This validates the address and gives you its normalized form. You should
**put the normalized form in your database** and always normalize before
checking if an address is in your database. When using this in a login form,
set `check_deliverability` to `False` to avoid unnecessary DNS queries.
### Overview
The module provides a function `validate_email(email_address)` which
takes an email address and:

- Raises a `EmailNotValidError` with a helpful, human-readable error
  message explaining why the email address is not valid, or
- Returns an object with a normalized form of the email address (which
  you should use!) and other information about it.

When an email address is not valid, `validate_email` raises either an
`EmailSyntaxError` if the form of the address is invalid or an
`EmailUndeliverableError` if the domain name fails DNS checks.
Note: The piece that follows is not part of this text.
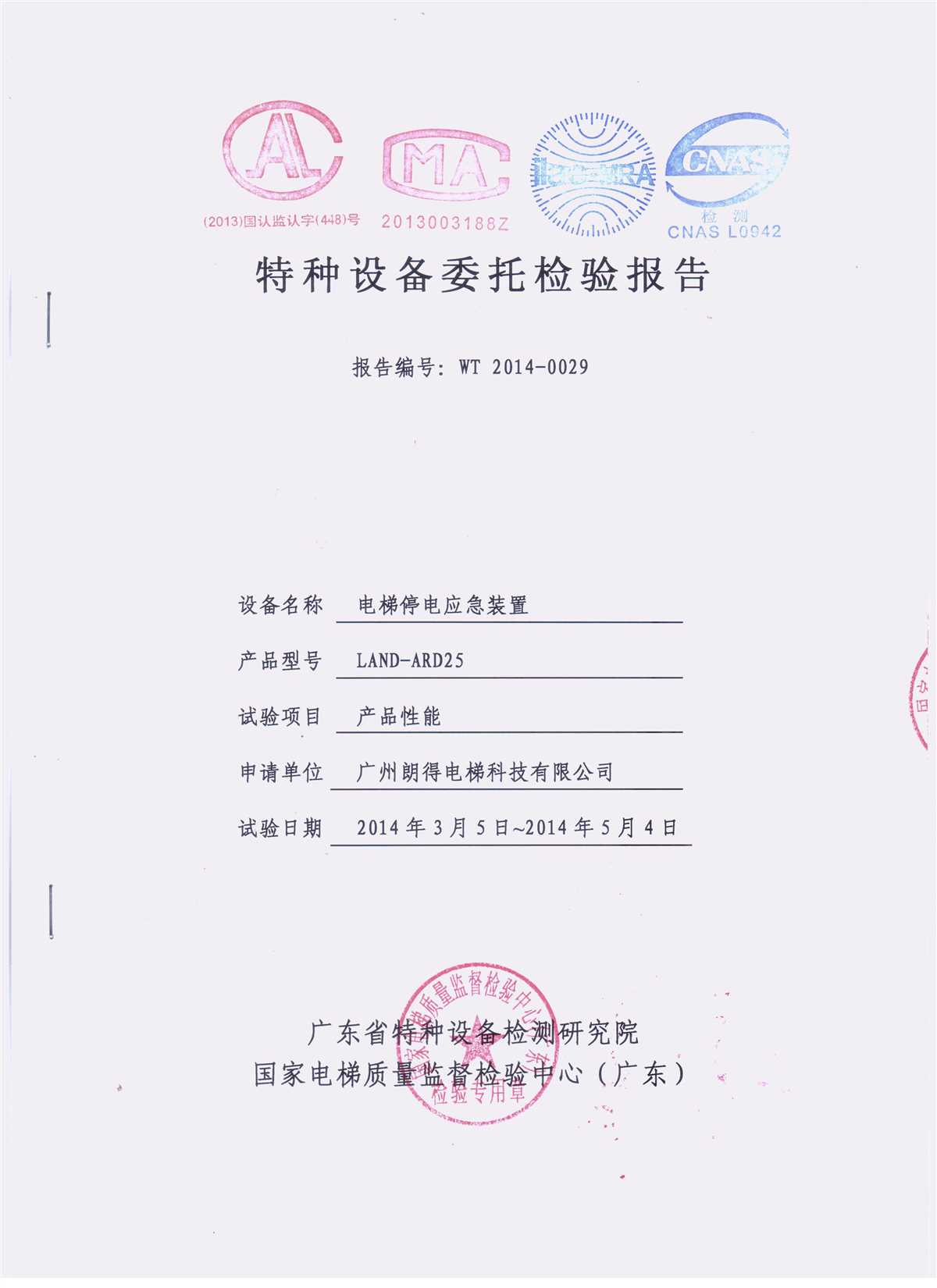 应急装置质检报告
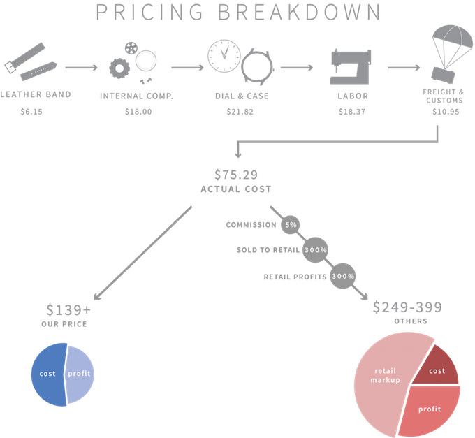 Helemaal mee eens. Als je zelf designed, onderdelen ontwikkeld, of zelfs het productieproces in eigen beheer hebt gaat het plaatje wel mank. Blijft echter over dat als je een horloge tegen MSRP (Retail) prijs koopt, je ook nu weer ziet dat er veel winst wordt gemaakt door de diverse partijen. Maar dat weten de meeste ook wel denk ik.

Both
exception classes are subclasses of `EmailNotValidError`, which in turn
is a subclass of `ValueError`.

But when an email address is valid, an object is returned containing
a normalized form of the email address (which you should use!) and
other information.

The validator doesn't, by default, permit obsoleted forms of email addresses
that no one uses anymore even though they are still valid and deliverable, since
they will probably give you grief if you're using email for login. (See
later in the document about how to allow some obsolete forms.)
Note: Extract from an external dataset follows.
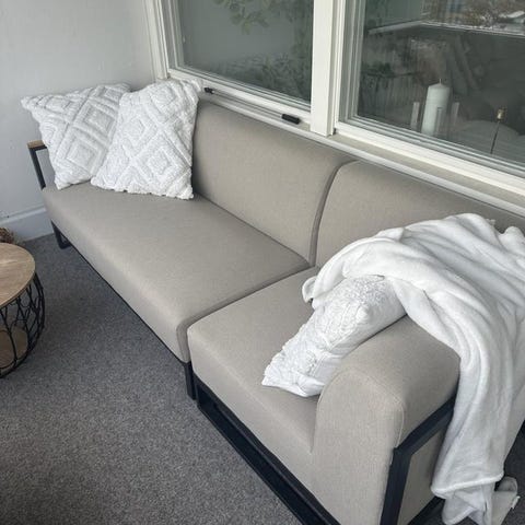 En jättefin ute soffa för balkongen eller terrassen. Trädgårdssoffa är från Wohn zimmer.

The validator optionally checks that the domain name in the email address has
a DNS MX record indicating that it can receive email. (Except a Null MX record.
If there is no MX record, a fallback A/AAAA-record is permitted, unless
a reject-all SPF record is present.) DNS is slow and sometimes unavailable or
unreliable, so consider whether these checks are useful for your use case and
turn them off if they aren't.
There is nothing to be gained by trying to actually contact an SMTP server, so
that's not done here. For privacy, security, and practicality reasons, servers
are good at not giving away whether an address is
deliverable or not: email addresses that appear to accept mail at first
can bounce mail after a delay, and bounced mail may indicate a temporary
failure of a good email address (sometimes an intentional failure, like
greylisting).

### Options

The `validate_email` function also accepts the following keyword arguments
(defaults are as shown below):
`check_deliverability=True`: If true, DNS queries are made to check that the domain name in the email address (the part after the @-sign) can receive mail, as described above. Set to `False` to skip this DNS-based check. It is recommended to pass `False` when performing validation for login pages (but not account creation pages) since re-validation of a previously validated domain in your database by querying DNS at every login is probably undesirable. You can also set `email_validator.CHECK_DELIVERABILITY` to `False` to turn this off for all calls by default.

`dns_resolver=None`: Pass an instance of [dns.resolver.Resolver](https://dnspython.readthedocs.io/en/latest/resolver-class.html) to control the DNS resolver including setting a timeout and [a cache](https://dnspython.readthedocs.io/en/latest/resolver-caching.html). The `caching_resolver` function shown below is a helper function to construct a dns.resolver.Resolver with a [LRUCache](https://dnspython.readthedocs.io/en/latest/resolver-caching.html#dns.resolver.LRUCache). Reuse the same resolver instance across calls to `validate_email` to make use of the cache.

`test_environment=False`: If `True`, DNS-based deliverability checks are disabled and  `test` and `**.test` domain names are permitted (see below). You can also set `email_validator.TEST_ENVIRONMENT` to `True` to turn it on for all calls by default.

`allow_smtputf8=True`: Set to `False` to prohibit internationalized addresses that would
    require the
    [SMTPUTF8](https://tools.ietf.org/html/rfc6531) extension. You can also set `email_validator.ALLOW_SMTPUTF8` to `False` to turn it off for all calls by default.
`allow_quoted_local=False`: Set to `True` to allow obscure and potentially problematic email addresses in which the part of the address before the @-sign contains spaces, @-signs, or other surprising characters when the local part is surrounded in quotes (so-called quoted-string local parts). In the object returned by `validate_email`, the normalized local part removes any unnecessary backslash-escaping and even removes the surrounding quotes if the address would be valid without them. You can also set `email_validator.ALLOW_QUOTED_LOCAL` to `True` to turn this on for all calls by default.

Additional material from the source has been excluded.